(Beginning of Information shown)

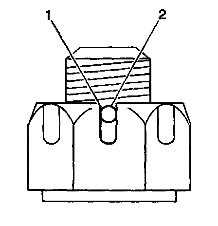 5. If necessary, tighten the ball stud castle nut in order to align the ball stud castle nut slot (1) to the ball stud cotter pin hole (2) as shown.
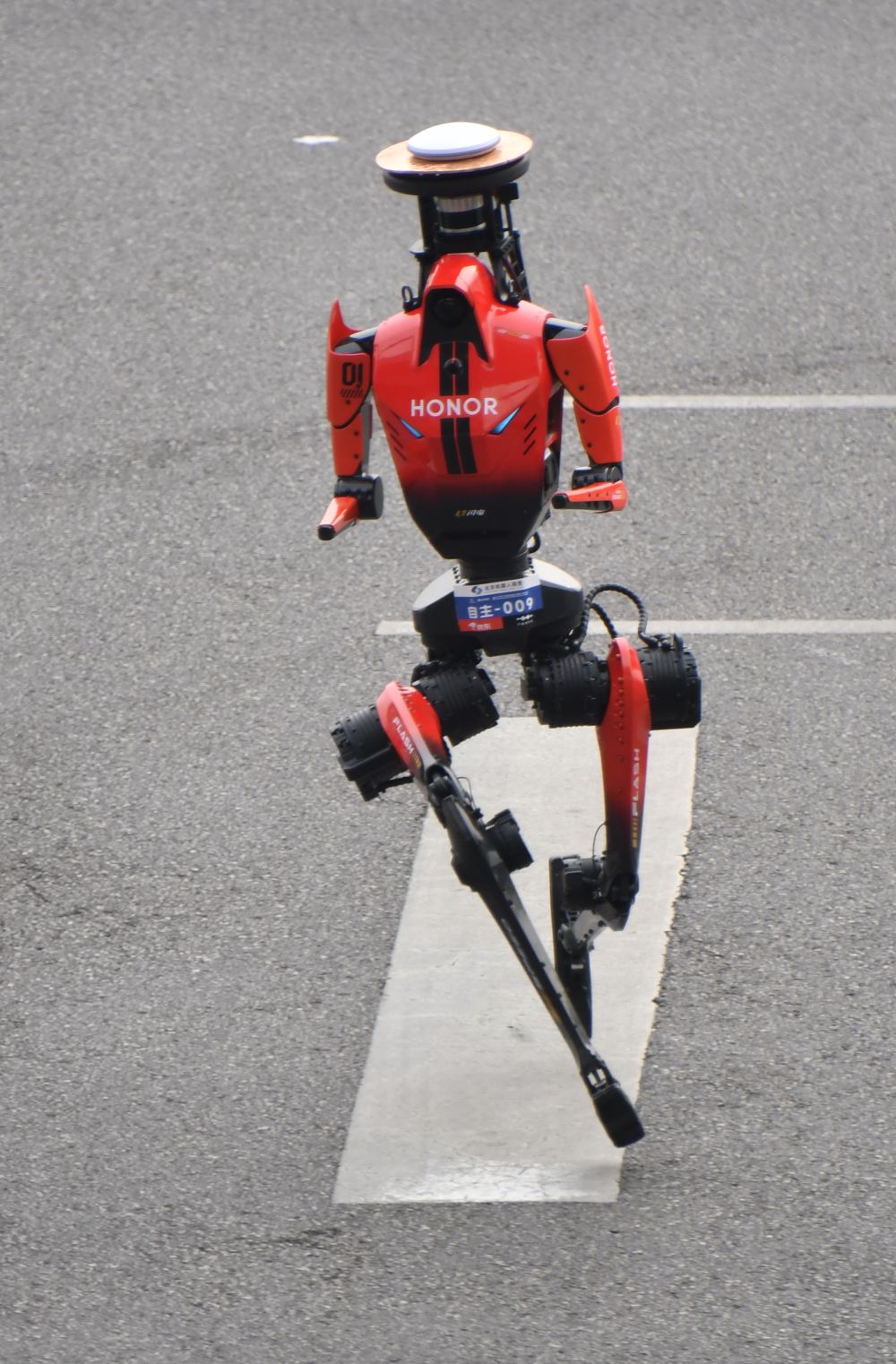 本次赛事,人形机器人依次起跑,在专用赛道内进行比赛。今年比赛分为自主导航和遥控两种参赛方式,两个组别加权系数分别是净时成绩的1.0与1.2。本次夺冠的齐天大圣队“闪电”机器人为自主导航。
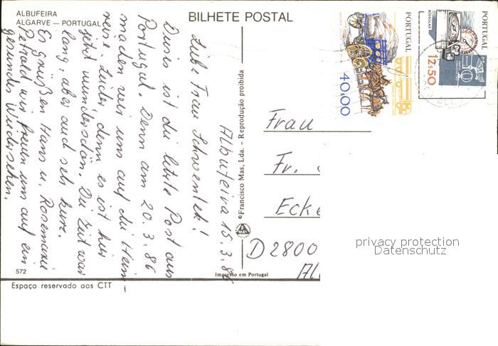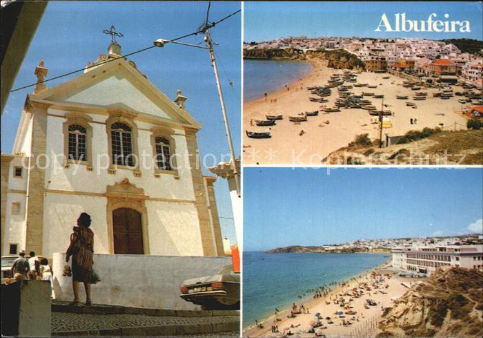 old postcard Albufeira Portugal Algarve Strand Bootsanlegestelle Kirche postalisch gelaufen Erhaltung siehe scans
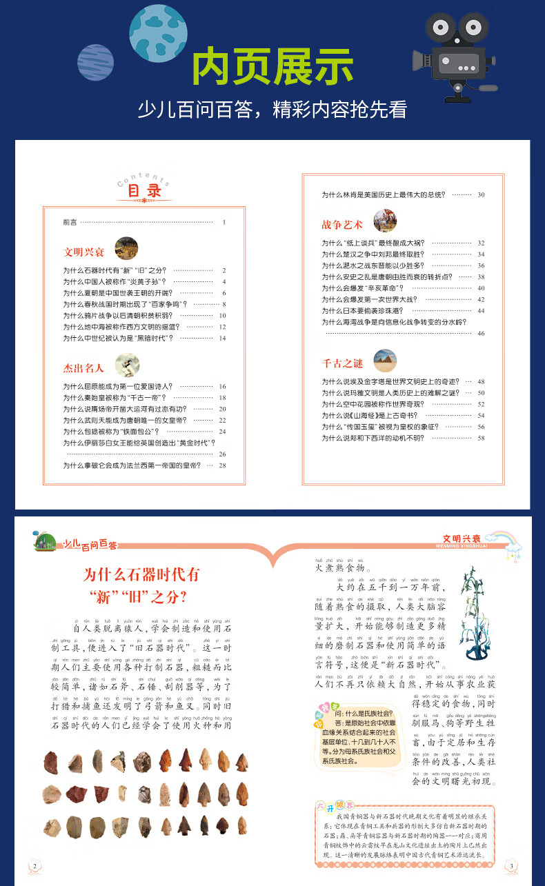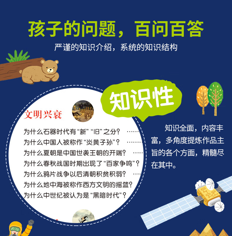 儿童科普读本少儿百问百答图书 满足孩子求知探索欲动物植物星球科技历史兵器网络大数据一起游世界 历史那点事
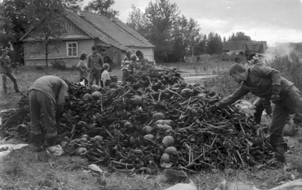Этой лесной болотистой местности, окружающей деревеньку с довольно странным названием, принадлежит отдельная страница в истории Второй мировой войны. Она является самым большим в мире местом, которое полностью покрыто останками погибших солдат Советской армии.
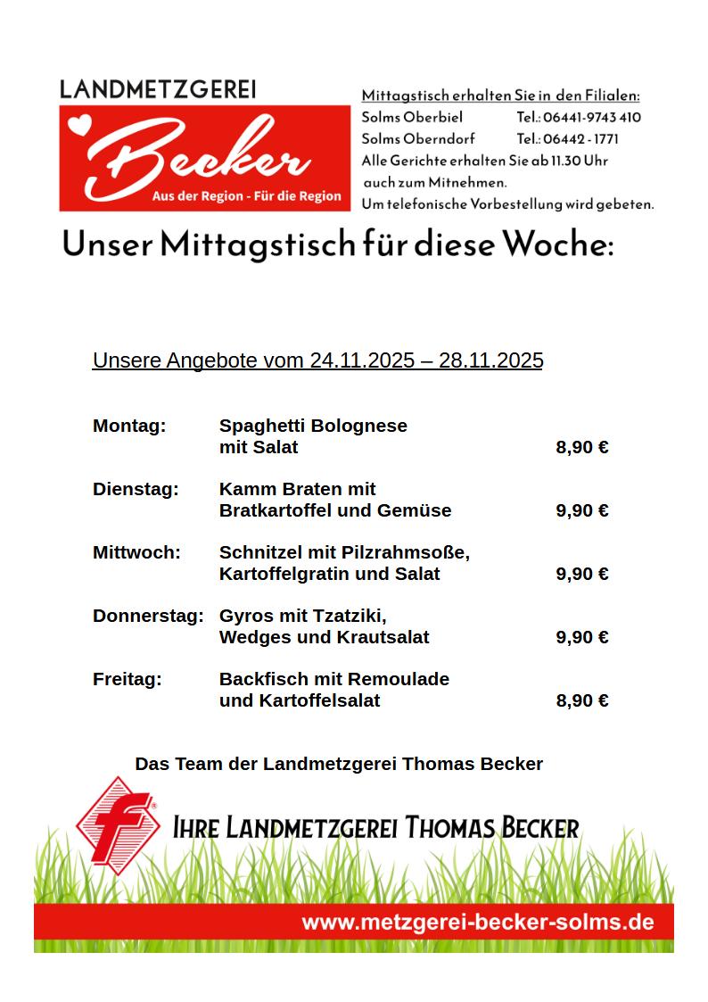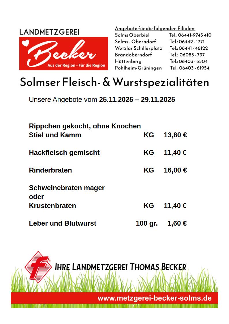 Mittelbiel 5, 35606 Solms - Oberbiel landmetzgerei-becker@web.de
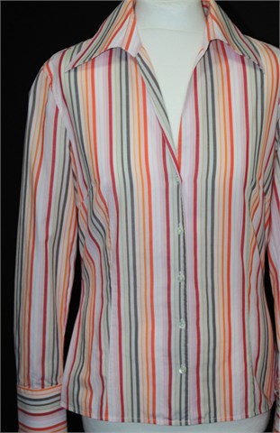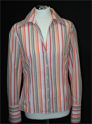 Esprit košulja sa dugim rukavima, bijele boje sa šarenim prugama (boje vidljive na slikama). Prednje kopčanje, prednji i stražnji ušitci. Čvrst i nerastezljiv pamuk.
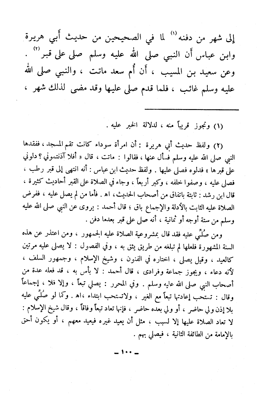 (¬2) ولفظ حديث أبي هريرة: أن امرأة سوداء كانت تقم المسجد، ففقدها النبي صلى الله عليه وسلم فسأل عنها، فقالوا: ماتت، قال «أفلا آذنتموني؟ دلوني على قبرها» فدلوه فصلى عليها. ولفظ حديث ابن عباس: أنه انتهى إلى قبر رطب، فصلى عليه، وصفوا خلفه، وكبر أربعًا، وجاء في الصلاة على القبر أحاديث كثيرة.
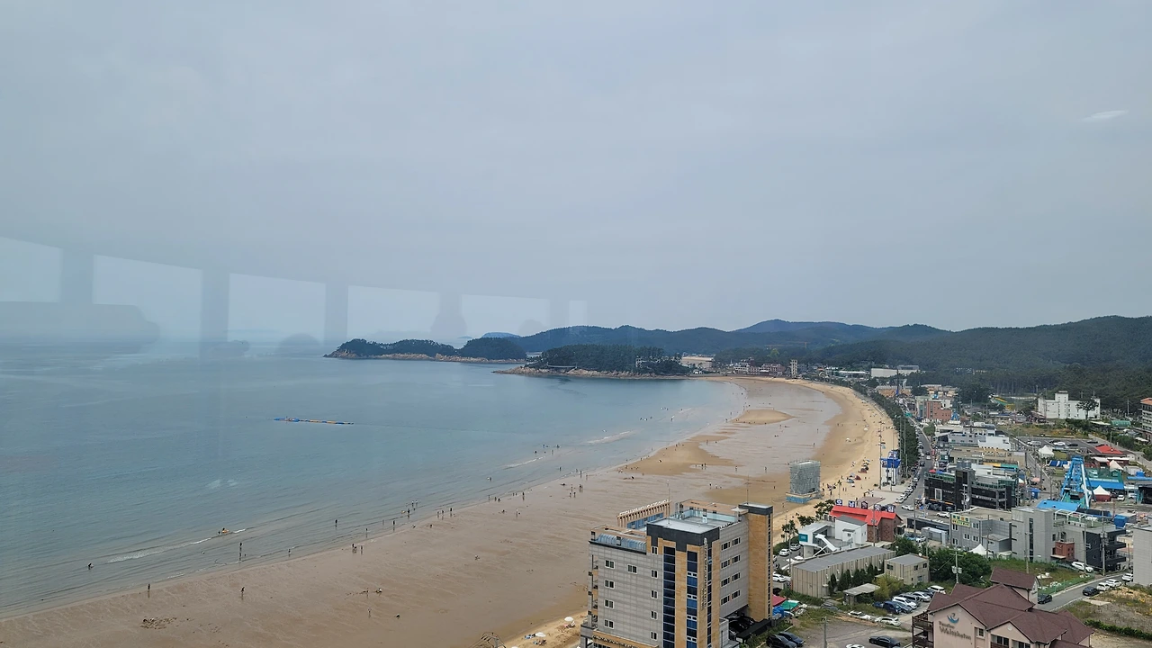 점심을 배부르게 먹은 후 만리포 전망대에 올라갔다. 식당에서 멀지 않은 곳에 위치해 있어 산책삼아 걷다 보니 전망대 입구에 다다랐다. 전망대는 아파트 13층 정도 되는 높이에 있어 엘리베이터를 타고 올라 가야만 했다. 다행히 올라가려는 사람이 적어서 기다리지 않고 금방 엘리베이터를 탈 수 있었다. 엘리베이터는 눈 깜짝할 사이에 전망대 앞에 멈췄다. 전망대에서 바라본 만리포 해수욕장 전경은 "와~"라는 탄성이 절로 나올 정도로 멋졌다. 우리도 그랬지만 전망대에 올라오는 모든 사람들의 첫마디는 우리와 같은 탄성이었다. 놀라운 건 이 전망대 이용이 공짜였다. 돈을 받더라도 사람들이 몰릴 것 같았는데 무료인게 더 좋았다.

(End of Information shown)

● **Prompt**
Going by the entries above, repeat exactly the lines that start at the line with "Этой лесной болотистой" and go on through the line with "Mittelbiel 5, 35606". Pictures are not part of the copy.

● **Result**
Этой лесной болотистой местности, окружающей деревеньку с довольно странным названием, принадлежит отдельная страница в истории Второй мировой войны. Она является самым большим в мире местом, которое полностью покрыто останками погибших солдат Советской армии.
 Mittelbiel 5, 35606 Solms - Oberbiel landmetzgerei-becker@web.de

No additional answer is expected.